Set the data down again, exactly as it appears below.

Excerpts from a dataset
....

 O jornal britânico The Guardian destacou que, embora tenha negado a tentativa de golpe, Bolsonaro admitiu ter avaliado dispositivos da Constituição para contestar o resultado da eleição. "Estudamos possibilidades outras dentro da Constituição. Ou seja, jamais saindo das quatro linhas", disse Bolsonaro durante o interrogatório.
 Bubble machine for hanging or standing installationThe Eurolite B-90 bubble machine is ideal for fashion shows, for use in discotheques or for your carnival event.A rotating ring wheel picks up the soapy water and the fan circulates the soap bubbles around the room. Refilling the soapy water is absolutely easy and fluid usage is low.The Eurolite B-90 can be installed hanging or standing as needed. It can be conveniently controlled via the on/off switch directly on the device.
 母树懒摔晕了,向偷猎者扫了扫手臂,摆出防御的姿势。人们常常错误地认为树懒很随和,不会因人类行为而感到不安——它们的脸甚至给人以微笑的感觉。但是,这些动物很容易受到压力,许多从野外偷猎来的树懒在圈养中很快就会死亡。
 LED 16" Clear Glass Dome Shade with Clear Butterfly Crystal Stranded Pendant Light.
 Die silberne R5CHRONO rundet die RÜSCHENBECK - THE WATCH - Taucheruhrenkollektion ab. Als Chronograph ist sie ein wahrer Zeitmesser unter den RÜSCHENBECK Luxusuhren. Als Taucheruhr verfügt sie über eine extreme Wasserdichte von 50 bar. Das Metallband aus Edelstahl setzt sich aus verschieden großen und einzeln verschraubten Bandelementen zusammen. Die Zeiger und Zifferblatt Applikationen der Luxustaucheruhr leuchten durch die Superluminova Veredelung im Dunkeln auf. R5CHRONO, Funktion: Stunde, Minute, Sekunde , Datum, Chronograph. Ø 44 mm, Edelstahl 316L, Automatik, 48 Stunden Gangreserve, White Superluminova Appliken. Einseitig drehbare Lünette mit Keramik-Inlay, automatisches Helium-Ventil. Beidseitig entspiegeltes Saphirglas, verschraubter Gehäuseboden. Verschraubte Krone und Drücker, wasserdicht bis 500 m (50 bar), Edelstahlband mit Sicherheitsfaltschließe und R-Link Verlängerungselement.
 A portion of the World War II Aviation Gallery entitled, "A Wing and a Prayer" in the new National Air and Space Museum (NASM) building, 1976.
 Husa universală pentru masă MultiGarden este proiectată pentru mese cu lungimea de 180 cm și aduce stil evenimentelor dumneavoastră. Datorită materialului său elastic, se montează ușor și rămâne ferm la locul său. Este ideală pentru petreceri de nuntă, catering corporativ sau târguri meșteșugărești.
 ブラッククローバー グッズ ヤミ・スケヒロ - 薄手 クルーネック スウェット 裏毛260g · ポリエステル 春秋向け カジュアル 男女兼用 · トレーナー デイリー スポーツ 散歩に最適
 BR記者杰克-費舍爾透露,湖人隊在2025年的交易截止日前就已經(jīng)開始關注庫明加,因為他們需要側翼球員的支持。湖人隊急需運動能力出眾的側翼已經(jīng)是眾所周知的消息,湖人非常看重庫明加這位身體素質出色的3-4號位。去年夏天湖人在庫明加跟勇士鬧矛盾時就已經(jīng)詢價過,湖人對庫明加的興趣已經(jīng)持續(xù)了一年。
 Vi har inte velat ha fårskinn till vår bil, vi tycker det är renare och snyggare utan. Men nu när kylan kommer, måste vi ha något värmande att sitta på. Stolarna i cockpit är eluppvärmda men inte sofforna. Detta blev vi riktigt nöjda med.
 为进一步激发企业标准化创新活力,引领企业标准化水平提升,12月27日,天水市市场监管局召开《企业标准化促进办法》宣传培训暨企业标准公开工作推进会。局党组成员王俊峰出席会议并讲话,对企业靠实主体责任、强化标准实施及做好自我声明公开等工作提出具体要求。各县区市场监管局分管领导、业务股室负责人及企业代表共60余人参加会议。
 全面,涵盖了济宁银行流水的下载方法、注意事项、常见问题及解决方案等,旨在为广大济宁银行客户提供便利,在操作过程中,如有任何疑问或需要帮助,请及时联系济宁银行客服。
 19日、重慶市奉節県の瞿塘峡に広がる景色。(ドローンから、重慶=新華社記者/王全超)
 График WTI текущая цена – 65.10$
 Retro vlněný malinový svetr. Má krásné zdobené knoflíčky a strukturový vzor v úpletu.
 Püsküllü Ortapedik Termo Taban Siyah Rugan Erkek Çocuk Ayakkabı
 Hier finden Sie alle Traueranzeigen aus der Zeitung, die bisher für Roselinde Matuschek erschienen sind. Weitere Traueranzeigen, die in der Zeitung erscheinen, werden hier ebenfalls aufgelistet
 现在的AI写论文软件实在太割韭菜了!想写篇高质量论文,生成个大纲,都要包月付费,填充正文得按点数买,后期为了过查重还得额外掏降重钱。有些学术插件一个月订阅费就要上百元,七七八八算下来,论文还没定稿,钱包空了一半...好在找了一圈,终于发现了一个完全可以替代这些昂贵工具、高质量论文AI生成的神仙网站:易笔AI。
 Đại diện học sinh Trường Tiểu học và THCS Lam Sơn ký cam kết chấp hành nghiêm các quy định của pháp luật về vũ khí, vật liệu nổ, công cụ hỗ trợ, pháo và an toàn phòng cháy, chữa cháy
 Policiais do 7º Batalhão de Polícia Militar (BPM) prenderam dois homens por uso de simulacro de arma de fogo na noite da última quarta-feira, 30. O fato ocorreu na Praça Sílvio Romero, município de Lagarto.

....

(Finished task)
 O jornal britânico The Guardian destacou que, embora tenha negado a tentativa de golpe, Bolsonaro admitiu ter avaliado dispositivos da Constituição para contestar o resultado da eleição. "Estudamos possibilidades outras dentro da Constituição. Ou seja, jamais saindo das quatro linhas", disse Bolsonaro durante o interrogatório.
 Bubble machine for hanging or standing installationThe Eurolite B-90 bubble machine is ideal for fashion shows, for use in discotheques or for your carnival event.A rotating ring wheel picks up the soapy water and the fan circulates the soap bubbles around the room. Refilling the soapy water is absolutely easy and fluid usage is low.The Eurolite B-90 can be installed hanging or standing as needed. It can be conveniently controlled via the on/off switch directly on the device.
 母树懒摔晕了,向偷猎者扫了扫手臂,摆出防御的姿势。人们常常错误地认为树懒很随和,不会因人类行为而感到不安——它们的脸甚至给人以微笑的感觉。但是,这些动物很容易受到压力,许多从野外偷猎来的树懒在圈养中很快就会死亡。
 LED 16" Clear Glass Dome Shade with Clear Butterfly Crystal Stranded Pendant Light.
 Die silberne R5CHRONO rundet die RÜSCHENBECK - THE WATCH - Taucheruhrenkollektion ab. Als Chronograph ist sie ein wahrer Zeitmesser unter den RÜSCHENBECK Luxusuhren. Als Taucheruhr verfügt sie über eine extreme Wasserdichte von 50 bar. Das Metallband aus Edelstahl setzt sich aus verschieden großen und einzeln verschraubten Bandelementen zusammen. Die Zeiger und Zifferblatt Applikationen der Luxustaucheruhr leuchten durch die Superluminova Veredelung im Dunkeln auf. R5CHRONO, Funktion: Stunde, Minute, Sekunde , Datum, Chronograph. Ø 44 mm, Edelstahl 316L, Automatik, 48 Stunden Gangreserve, White Superluminova Appliken. Einseitig drehbare Lünette mit Keramik-Inlay, automatisches Helium-Ventil. Beidseitig entspiegeltes Saphirglas, verschraubter Gehäuseboden. Verschraubte Krone und Drücker, wasserdicht bis 500 m (50 bar), Edelstahlband mit Sicherheitsfaltschließe und R-Link Verlängerungselement.
 A portion of the World War II Aviation Gallery entitled, "A Wing and a Prayer" in the new National Air and Space Museum (NASM) building, 1976.
 Husa universală pentru masă MultiGarden este proiectată pentru mese cu lungimea de 180 cm și aduce stil evenimentelor dumneavoastră. Datorită materialului său elastic, se montează ușor și rămâne ferm la locul său. Este ideală pentru petreceri de nuntă, catering corporativ sau târguri meșteșugărești.
 ブラッククローバー グッズ ヤミ・スケヒロ - 薄手 クルーネック スウェット 裏毛260g · ポリエステル 春秋向け カジュアル 男女兼用 · トレーナー デイリー スポーツ 散歩に最適
 BR記者杰克-費舍爾透露,湖人隊在2025年的交易截止日前就已經(jīng)開始關注庫明加,因為他們需要側翼球員的支持。湖人隊急需運動能力出眾的側翼已經(jīng)是眾所周知的消息,湖人非常看重庫明加這位身體素質出色的3-4號位。去年夏天湖人在庫明加跟勇士鬧矛盾時就已經(jīng)詢價過,湖人對庫明加的興趣已經(jīng)持續(xù)了一年。
 Vi har inte velat ha fårskinn till vår bil, vi tycker det är renare och snyggare utan. Men nu när kylan kommer, måste vi ha något värmande att sitta på. Stolarna i cockpit är eluppvärmda men inte sofforna. Detta blev vi riktigt nöjda med.
 为进一步激发企业标准化创新活力,引领企业标准化水平提升,12月27日,天水市市场监管局召开《企业标准化促进办法》宣传培训暨企业标准公开工作推进会。局党组成员王俊峰出席会议并讲话,对企业靠实主体责任、强化标准实施及做好自我声明公开等工作提出具体要求。各县区市场监管局分管领导、业务股室负责人及企业代表共60余人参加会议。
 全面,涵盖了济宁银行流水的下载方法、注意事项、常见问题及解决方案等,旨在为广大济宁银行客户提供便利,在操作过程中,如有任何疑问或需要帮助,请及时联系济宁银行客服。
 19日、重慶市奉節県の瞿塘峡に広がる景色。(ドローンから、重慶=新華社記者/王全超)
 График WTI текущая цена – 65.10$
 Retro vlněný malinový svetr. Má krásné zdobené knoflíčky a strukturový vzor v úpletu.
 Püsküllü Ortapedik Termo Taban Siyah Rugan Erkek Çocuk Ayakkabı
 Hier finden Sie alle Traueranzeigen aus der Zeitung, die bisher für Roselinde Matuschek erschienen sind. Weitere Traueranzeigen, die in der Zeitung erscheinen, werden hier ebenfalls aufgelistet
 现在的AI写论文软件实在太割韭菜了!想写篇高质量论文,生成个大纲,都要包月付费,填充正文得按点数买,后期为了过查重还得额外掏降重钱。有些学术插件一个月订阅费就要上百元,七七八八算下来,论文还没定稿,钱包空了一半...好在找了一圈,终于发现了一个完全可以替代这些昂贵工具、高质量论文AI生成的神仙网站:易笔AI。
 Đại diện học sinh Trường Tiểu học và THCS Lam Sơn ký cam kết chấp hành nghiêm các quy định của pháp luật về vũ khí, vật liệu nổ, công cụ hỗ trợ, pháo và an toàn phòng cháy, chữa cháy
 Policiais do 7º Batalhão de Polícia Militar (BPM) prenderam dois homens por uso de simulacro de arma de fogo na noite da última quarta-feira, 30. O fato ocorreu na Praça Sílvio Romero, município de Lagarto.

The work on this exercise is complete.